Posted: Tue Dec 31, 2019 5:31 am
by NSFW
You're the first person to try a full flash on a P59 so nothing about this is already known. :)

And I have no idea why it's blowing up on that line. That's weird.

Re: P59 flash kernel development

Posted: Tue Dec 31, 2019 7:58 am
by Vampyre
My buddy owns a junkyard so Ive got access to all the pcms I can brick :) and avt 852. Is there a way software wise to put pcm into recovery. LS droid says they have like 4 dif recovery modes and can bring pcm back almost everytime.

Re: P59 flash kernel development

Posted: Tue Dec 31, 2019 10:34 am
by NSFW
Vampyre wrote:My buddy owns a junkyard so Ive got access to all the pcms I can brick :) and avt 852. Is there a way software wise to put pcm into recovery. LS droid says they have like 4 dif recovery modes and can bring pcm back almost everytime.
Flashing a calibration that has a bad checksum will put the PCM into a recovery mode that requires the pin-grounding trick to flash it again. I learned this the very first time I tried to use PCM Hammer in my Corvette. And that's why the app now validates checksums. :) I think the grounding is required because the bad checksum implies that the flash chip is defective, and GM would rather replace the PCM in that case.

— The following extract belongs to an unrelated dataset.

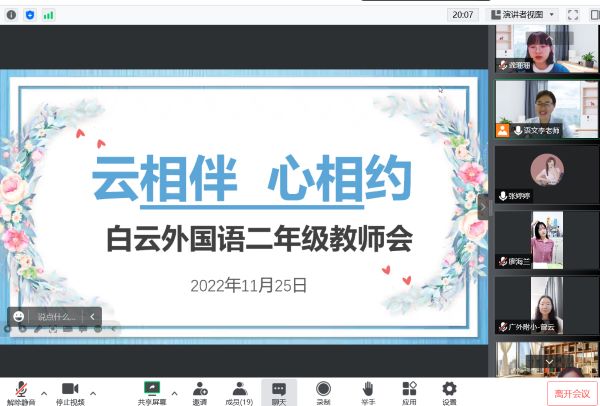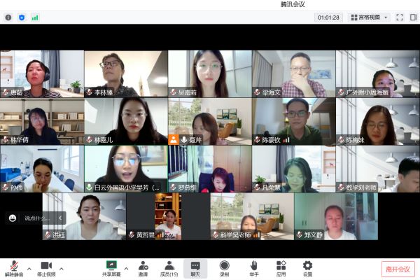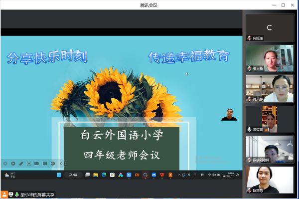 六年级组的老师们在2022年11月16日晚上8:00齐聚腾讯会议,开启了白云外国语小学第一场年级组教师会议。聊聊自己网课期间的幸福二三事。

Erasing the calibration block without rewriting it (leaving the whole thing as FF FF FF...) will put the PCM into a recovery mode that does not require the grounding trick, at least for the P01. P59s have two calibration blocks, and if I remember right, erasing one of them will require grounding, but the other won't.

In addition to the checksum, the operating system expects to see a magic number at a certain address - 0x4AFC at 0x1FFFE. If that's present, the PCM validates the checksum or assumes that the flash chip is bad. If the magic number is not present, the PCM assumes it just hasn't been given a calibration yet.

I don't know what the other recovery modes are. Probably only because I haven't gotten around to making the specific mistakes that trigger them.

Re: P59 flash kernel development

Posted: Tue Dec 31, 2019 10:43 am
by Gampy
NSFW wrote: Flashing a calibration that has a bad checksum will put the PCM into a recovery mode that requires the pin-grounding trick to flash it again. I learned this the very first time I tried to use PCM Hammer in my Corvette. And that's why the app now validates checksums. :) I think the grounding is required because the bad checksum implies that the flash chip is defective, and GM would rather replace the PCM in that case.

Erasing the calibration block without rewriting it (leaving the whole thing as FF FF FF...) will put the PCM into a recovery mode that does not require the grounding trick, at least for the P01. P59s have two calibration blocks, and if I remember right, erasing one of them will require grounding, but the other won't.

In addition to the checksum, the operating system expects to see a magic number at a certain address - 0x4AFC at 0x1FFFE. If that's present, the PCM validates the checksum or assumes that the flash chip is bad. If the magic number is not present, the PCM assumes it just hasn't been given a calibration yet.

I don't know what the other recovery modes are. Probably only because I haven't gotten around to making the specific mistakes that trigger them.
Which way sends the recovery-mode pings mentioned in Issue #114??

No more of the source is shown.